Once you have your .env
file, run make deploy-aca
. This will deploy a container registry, build and push the simulator image to it, and deploy an Azure Container App running the simulator with the settings from .env
.
The ACA deployment also creates an Azure Storage account with a file share. This file share is mounted into the simulator container as /mnt/simulator
.
If no value is specified for RECORDING_DIR
, the simulator will use /mnt/simulator/recording
as the recording directory.
The file share can also be used for setting the OpenAI deployment configuration or for any forwarder/generator config.
During initialization, TikToken attempts to download an OpenAI encoding file from a public blob storage account managed by OpenAI. When running the simulator in an environment with restricted network access, this can cause the simulator to fail to start.
The simulator supports three networking scenarios with different levels of access to the public internet:
- Unrestricted network access
- Semi-restricted network access
- Restricted network access
Different build arguments can be used to build the simulator for each of these scenarios.
In this mode, the simulator operates normally, with TikToken downloading the OpenAI encoding file from OpenAI's public blob storage account. This scenario assumes that the Docker container can access the public internet during runtime. This is the default build mode.
The semi-restricted network access scenario applies when the build machine has access to the public internet but the runtime environment does not. In this scenario,
the simulator can be built using the Docker build argument network_type=semi-restricted
. This will download the TikToken encoding file during the Docker image build process and cache it within the Docker image. The build process will also set the required TIKTOKEN_CACHE_DIR
environment variable to point to the cached TikToken encoding file.
The restricted network access scenario applies when both the build machine and the runtime environment do not have access to the public internet. In this scenario, the simulator can be built using a pre-downloaded TikToken encoding file that must be included in a specific location.
This can be done by running the setup_tiktoken.py script.
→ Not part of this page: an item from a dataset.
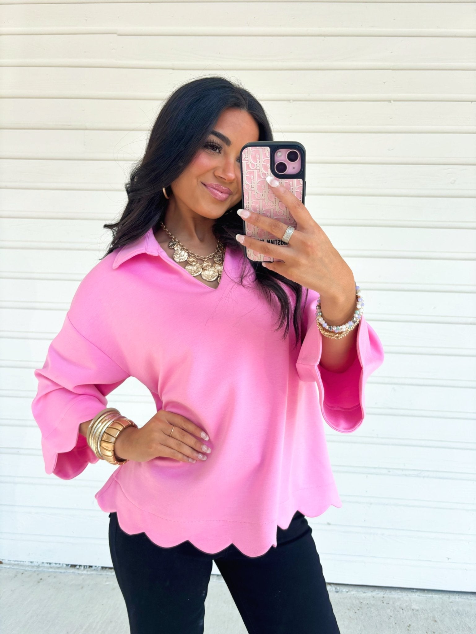 Elevate your everyday rotation with this dreamy pink knit top, featuring a sophisticated collared v-neck and playful scalloped edges! Perfectly crafted from ultra-soft fabric, it offers a chic, effortless silhouette that transitions seamlessly from office hours to weekend brunch. 50% Rayon, 45% Polyester, 5% Spandex.

Alternatively, you can download the encoding file from the public blob storage account and place it in the src/aoai-simulated-api/tiktoken_cache
directory. Then rename the file to 9b5ad71b2ce5302211f9c61530b329a4922fc6a4
.
To build the simulator in this mode, set the Docker build argument network_type=restricted
. The simulator and the build process will then use the cached TikToken encoding file instead of retrieving it through the public internet. The build process will also set the required TIKTOKEN_CACHE_DIR
environment variable to point to the cached TikToken encoding file.
For a list of tagged versions and changes, see the CHANGELOG.md file.